Repairing or replacing a faulty or blocked heart valve may be necessary in severe cases. Depending on your child’s age, needs and valve anatomy, physicians may attempt to repair the valve or improve its function with a procedure called a valvuloplasty.
Another option for aortic stenosis treatment includes the use of mechanical (artificial) valves as replacement valves. If this is the case, your child may need to stay on blood-thinning medicines for the rest of their life.
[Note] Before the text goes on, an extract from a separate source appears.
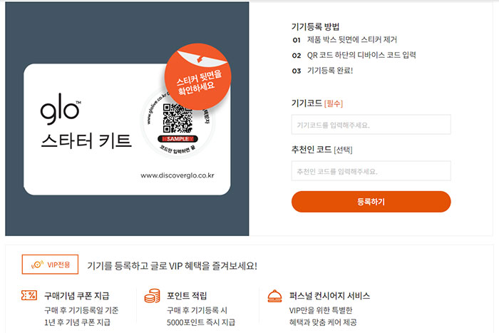 글로 라이브 페이지로 이동해 기존 글로 시리즈 박스에 있는 스티커를 제거하고 나온 기기코드를 입력해주면 5천 포인트를 적립할 수 있습니다.

Surgery to replace a heart valve may be necessary in severe cases. Surgeons may decide a Ross Procedure – also known as a switch procedure -- is the best option to treat aortic stenosis. In this operation, the aortic valve is replaced with the patient's pulmonary valve. The pulmonary valve is then replaced with a valve from a donated organ. This procedure allows the patient's pulmonary valve (now in the aortic position) to grow with the child.
Subaortic and supravalvular stenosis treatment
Subaortic and supravalvular stenosis do not improve with balloon dilation and will require heart surgery if the amount of obstruction is moderate or severe, or, in the case of subaortic stenosis, the aortic valve begins to leak significantly.
Outlook for aortic stenosis
Because of enormous strides in medicine and technology in recent years, most children with heart conditions today go on to lead healthy, productive lives as adults. All patients with aortic valve disease will need some form of lifelong follow-up care with a cardiologist.
Through 18 years
Children with aortic valve stenosis require regular checkups with a pediatric cardiologist. Some children must remain on medicine and limit physical activity.
As a child with aortic stenosis grows, blood may begin to leak through the abnormal valve. This is called aortic regurgitation or aortic insufficiency. In other children, the stenosis can reoccur. When this happens, balloon valvuloplasty can be repeated, as long as there isn't significant aortic regurgitation. In severe cases, additional surgery may be necessary.
At Children’s Hospital of Philadelphia (CHOP), our pediatric cardiologists follow patients until they are young adults and coordinate care with primary care physicians.
Aortic stenosis can continue to cause health problems in adults. It is very important that adults with aortic stenosis are monitored by a cardiologist regularly for the rest for their lives. CHOP’s Cardiac Center can help with the transition to an adult cardiologist.
The Philadelphia Adult Congenital Heart Center, a joint program of CHOP and Penn Medicine, meets the unique needs of adults who were born with heart defects.